Some Venezuelan bonds have pari passu clauses like those that let a few of Argentina’s creditors block payments to the rest. These bonds have no Collective Action Clauses (CACs), so that changing key terms requires unanimous creditor consent. Pari passu did not rate as key back when the bond contracts were drafted, which must be why it can be mangled with a simple majority vote. In a bond exchange, Venezuela can ask participating creditors to vote to make the pari passu clause in their old bonds worthless to holdouts. Such “exit consents” targeting pari passu would benefit participating creditors directly, by shielding the new payment streams from Argentina-style ambush. They are a small ask compared to, say, exit consents to switch the obligor on the old bonds.
In addition to its CAC-less old bonds, Venezuela has two flavors of CAC bonds, with 75% and 85% voting thresholds. These have less vulnerable pari passu clauses, but also less scope for exit consents. All else equal, the 85% bonds are harder to amend, but word is that would-be free-riders already have 15+% blocking positions in them. Anyone who holds these bonds could be in for a long ride: enforcement lawsuits took fifteen years to bear fruit in Argentina, and left behind a trail of regret and defensive learning.
Rounding out the tour, PDVSA’s bonds are too hard and too loose at the same time. They require unanimous consent to amend most key terms outside bankruptcy, but seem to allow the debtor to substitute another obligor, even a near-empty shell, with a simple majority vote. The courts would have a lot to chew on here, and might take their time chewing.

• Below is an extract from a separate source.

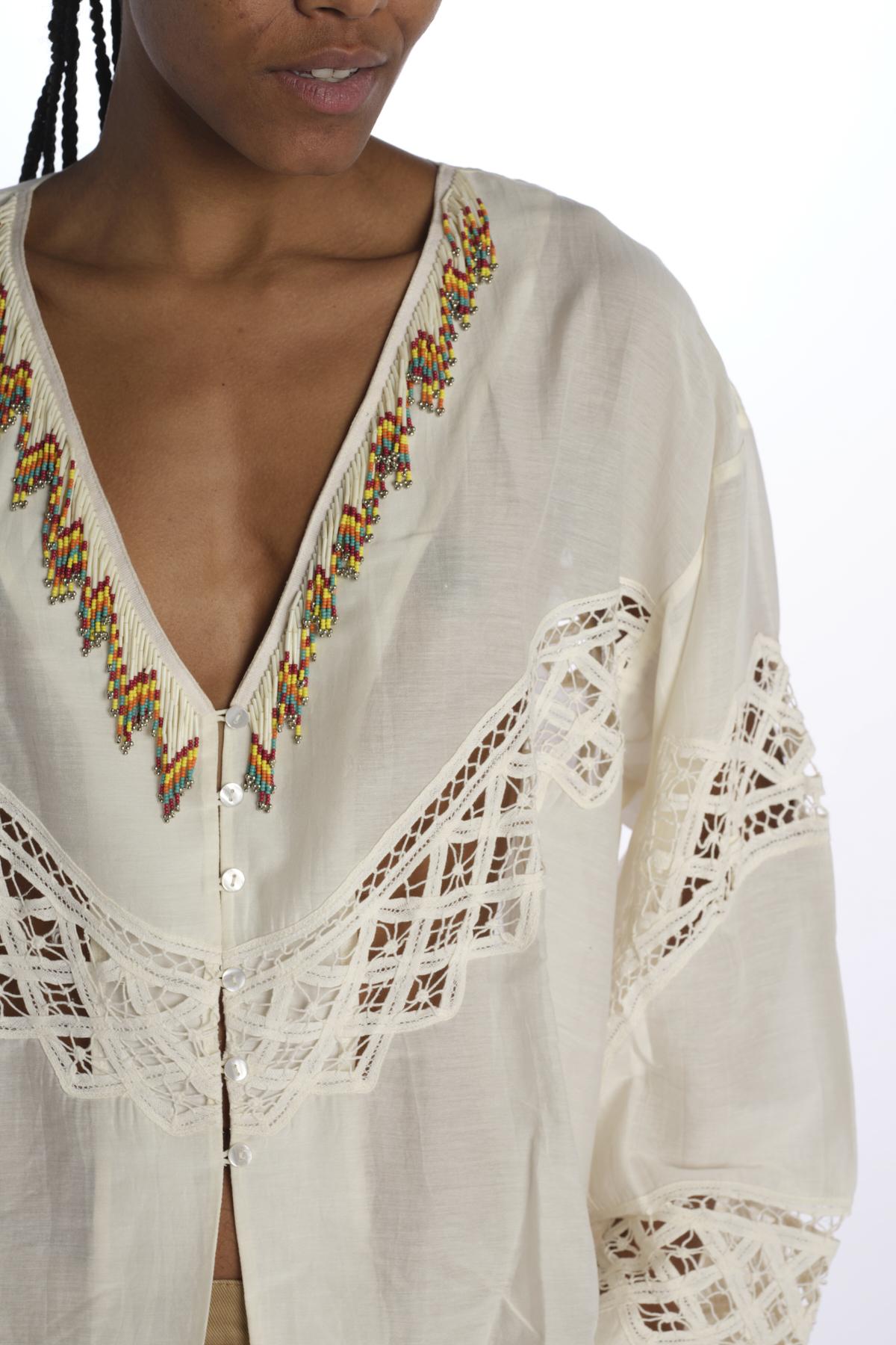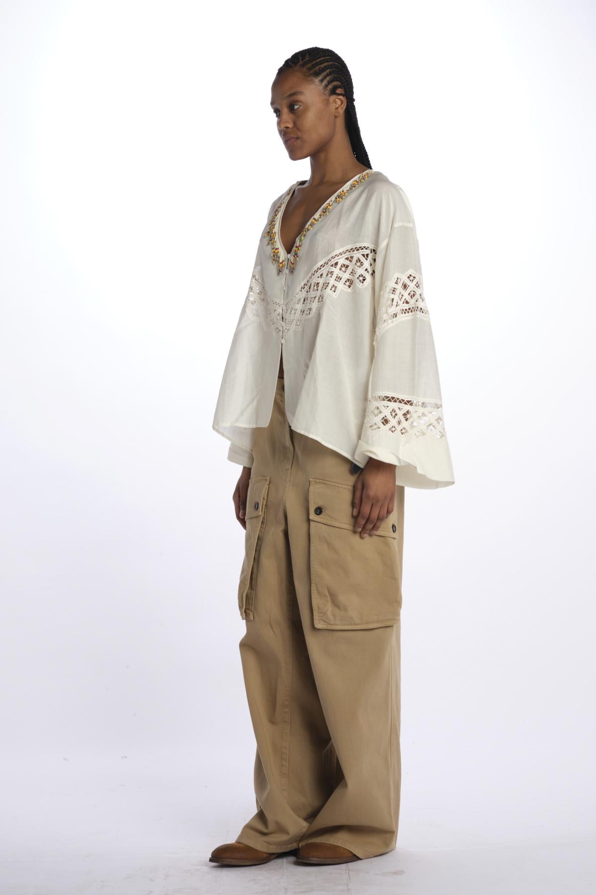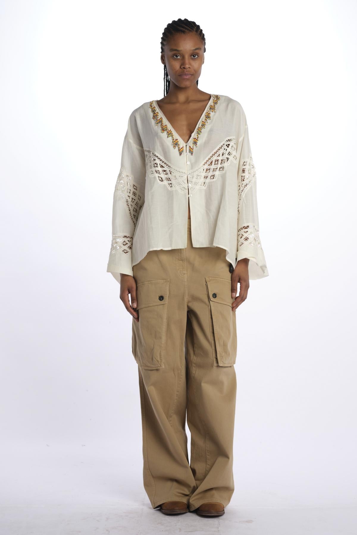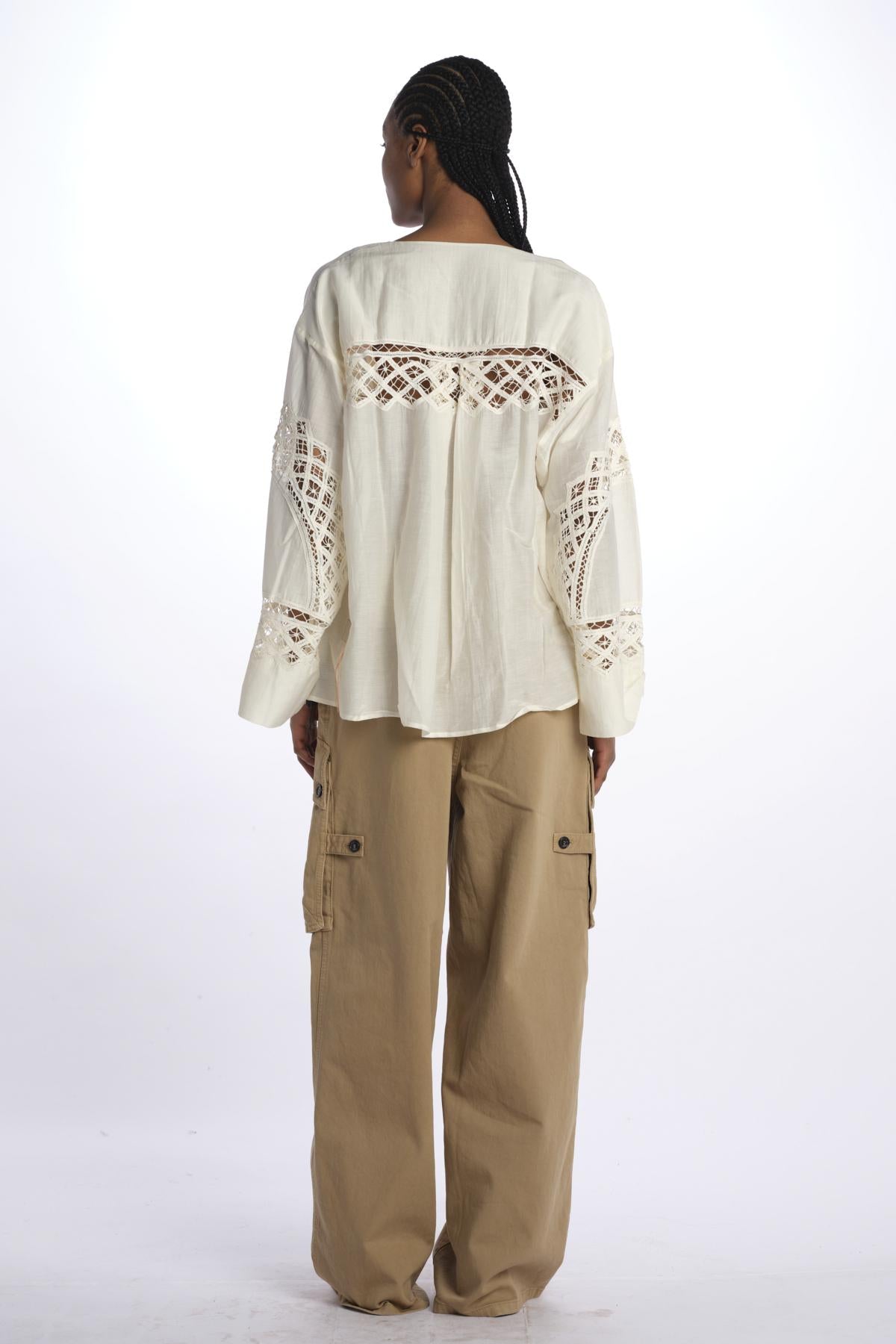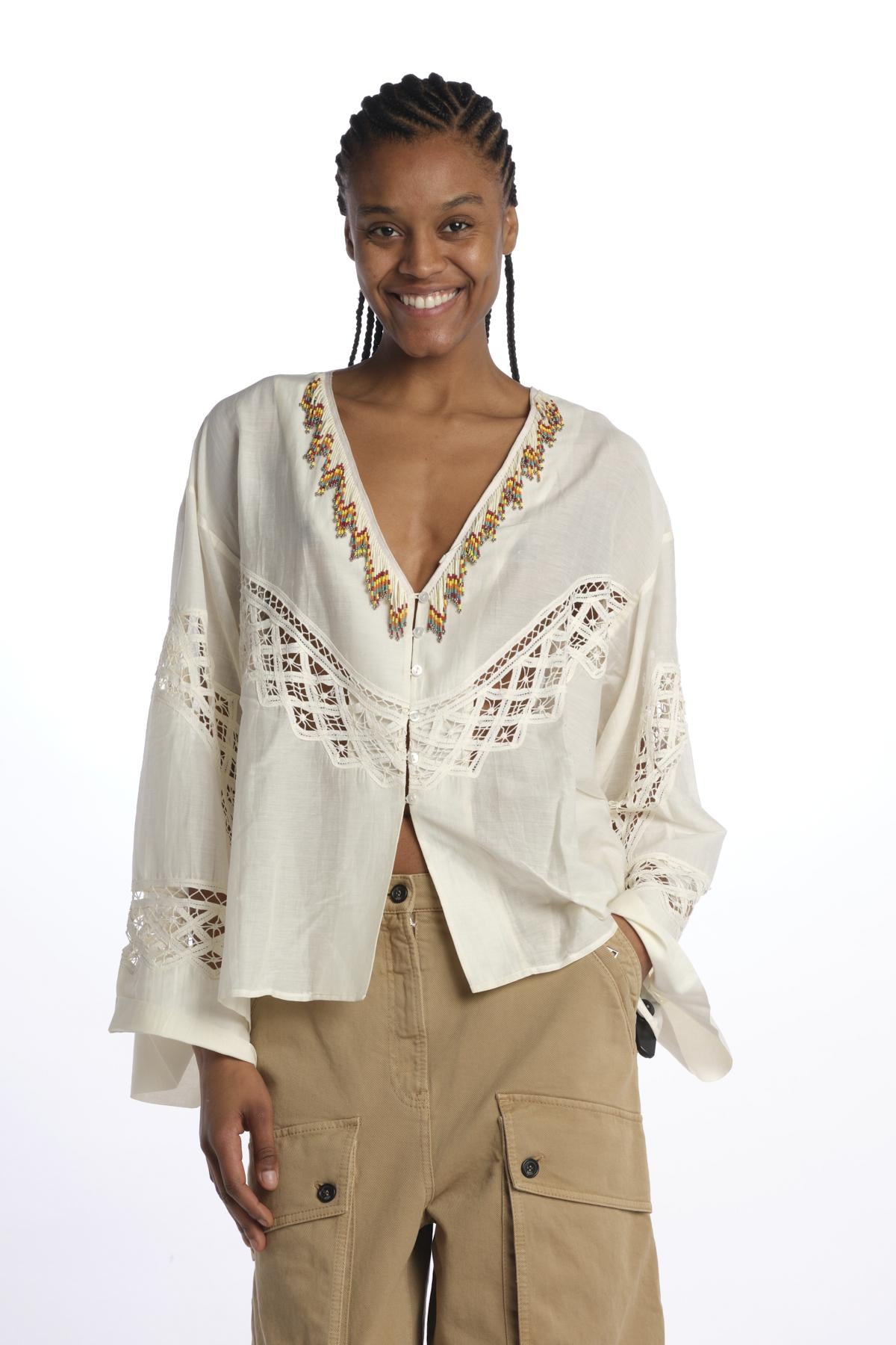CLEIDE shirt with embroidery and lace inlays by fortela. The model is 174 cm tall and wears a size 38. Composition: 70% cotton, 30% silk.

From a free-rider’s perspective, contract weeds are most valuable when they help you escape default altogether (see Greece) or get a quick side payment. Especially as money gets dear, protracted court battles are unappealing. A quick deal is likely when holdouts are a small part of total debt, and when the debtor really wants to move on from the crisis (see Peru). At the other extreme, when the government has no political room to settle—when foreign court rulings take center stage in domestic politics and domestic political rhetoric becomes foreign court bait—even the strongest contracts cannot break the impasse. Settlement takes a new government, which is so eager to move on that it risks giving away the store. In Argentina and elsewhere, contract terms seem to do more work to implement a sovereign’s political choices than to constrain them.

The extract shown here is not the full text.